_What to produce_
No pictures, please. Output the lines from the start of the data through the line that contains "Quy trình 7", both included, exactly as they stand.

_Given information_
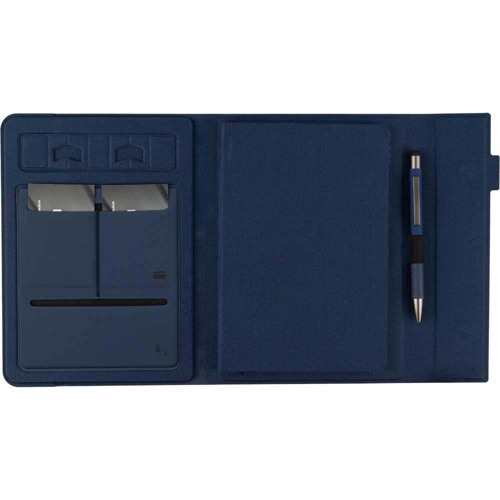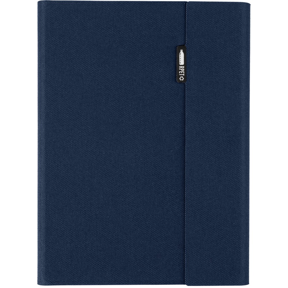 Teczka konferencyjna w formacie ok. A5, zawiera notatnik posiada 64 kartki w linie, przegródki na dokumenty, uchwyt na telefon, zamknięcie magnetyczne, pakowany pojedynczo w kraftowy rękaw, produkt wykonany z RPET
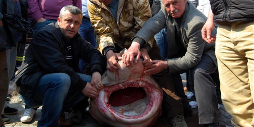 Marmara denizine kıyısı olan Marmaraereğlisi ilçesi sahili açıklarında balıkçıların ağlarına 1 ton ağırlığında, 5 metre uzunluğunda camgöz cinsi köpek balığı takıldı.
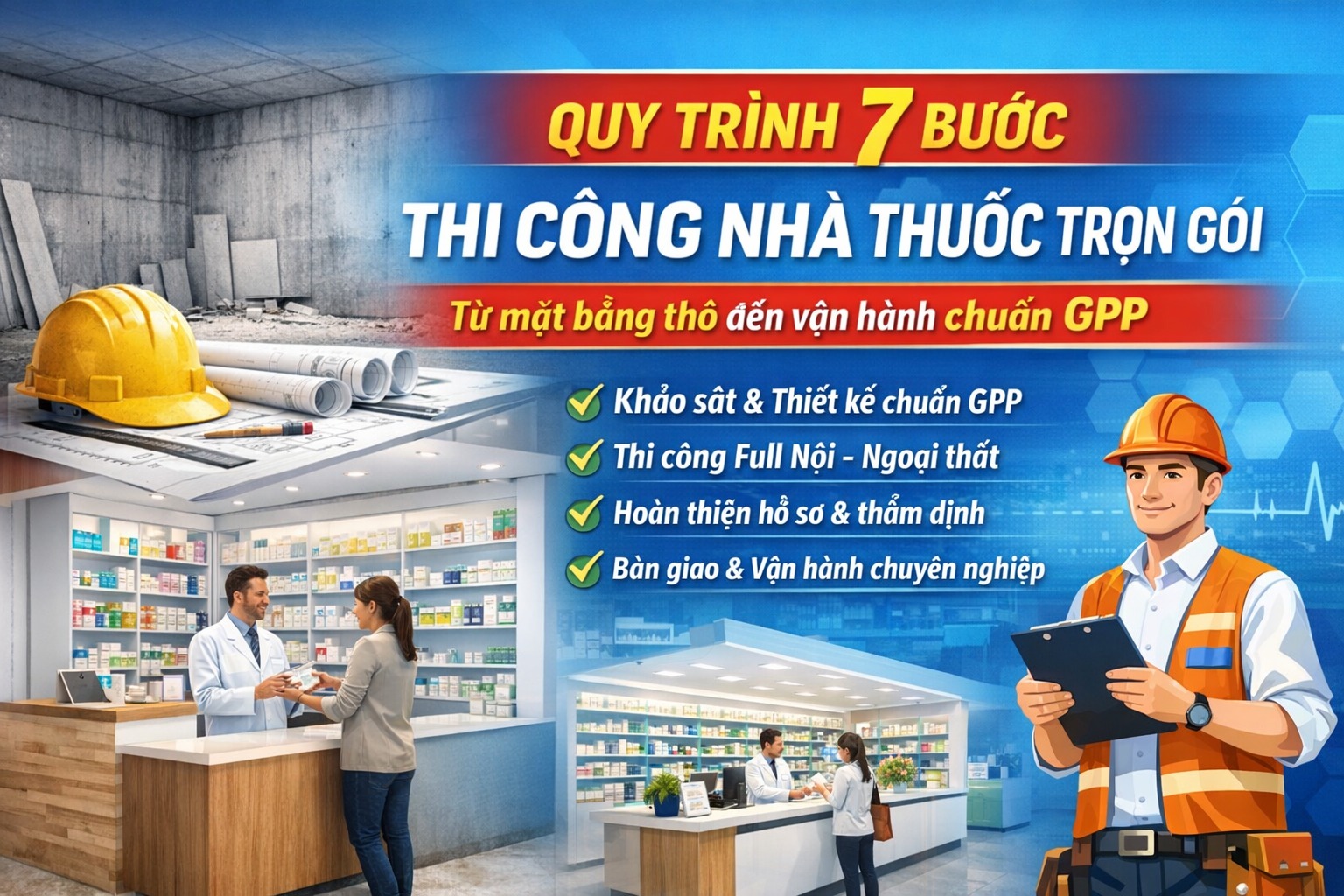 Quy trình 7 bước thi công nhà thuốc trọn gói từ mặt bằng thô đến vận hành
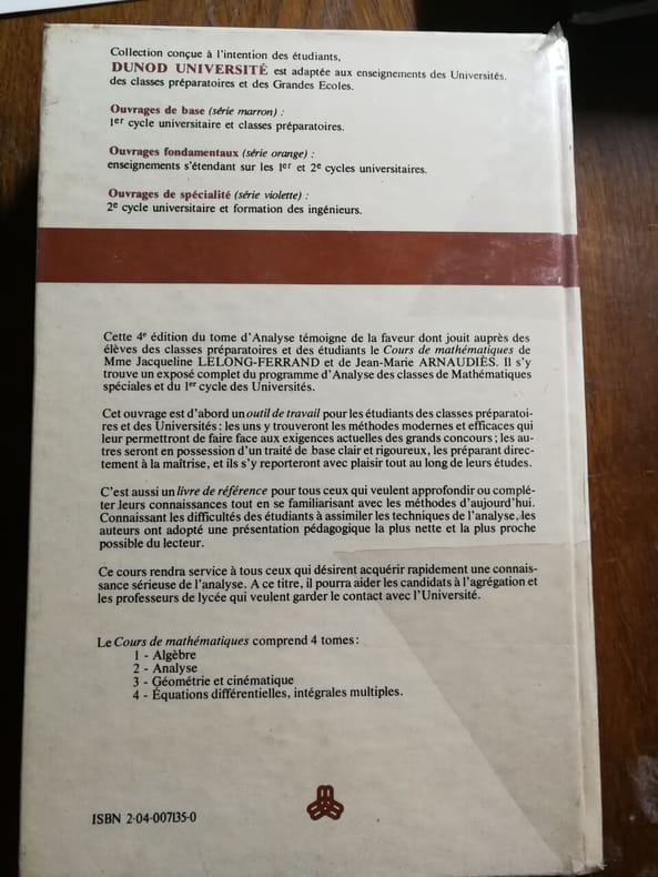 quelques figures géométriques dans le texte en noir et blanc 2eme édition, 1989 Contents, Chapitres : Introduction - 1. Analyse : Séries numériques - Intégrales généralisées - Limite d'une suite de fonctions - Intégrales dépendant d'un paramètre - Séries entières - Normes en analyse et en analyse numérique - Convergence de suites de vecteurs - Analyse de Fourier des signaux périodiques - Utilisation des résultats de topologie - Calcul différentiel - 2. Algèbre : Polynome minimal - Théorie spectrale d'un endomorphisme - Réduction de la matrice d'un endomorphisme - Systèmes différentiels - Espaces hermitiens et euclidiens - Systèmes orthonormés - Formes bilinéaires - Adjoint, opérateurs hermitiens et unitaires - Endomorphismes normaux - Quadriques - 3. Géométrie : Courbes - Surfaces - Intégration - Calcul d'intégrales multiples - Formes différentielles, intégrale de p-surface - Théorème de Stokes - Fonctions holomorphes, théorème des résidus - Index couverture assez propre mais avec des traces de pliures aux coins des plats, coiffe supérieure un peu frottée, intérieur propre, papier à peine jauni, coins un peu cornés en début d'ouvrage, cela reste un bon exemplaire du Tome 2 seul du Cours de mathématiques de Krée et Vauthier pour la 2eme année du DEUG, Université Pierre et Marie Curie

_Solution for this task_
 Teczka konferencyjna w formacie ok. A5, zawiera notatnik posiada 64 kartki w linie, przegródki na dokumenty, uchwyt na telefon, zamknięcie magnetyczne, pakowany pojedynczo w kraftowy rękaw, produkt wykonany z RPET
 Marmara denizine kıyısı olan Marmaraereğlisi ilçesi sahili açıklarında balıkçıların ağlarına 1 ton ağırlığında, 5 metre uzunluğunda camgöz cinsi köpek balığı takıldı.
 Quy trình 7 bước thi công nhà thuốc trọn gói từ mặt bằng thô đến vận hành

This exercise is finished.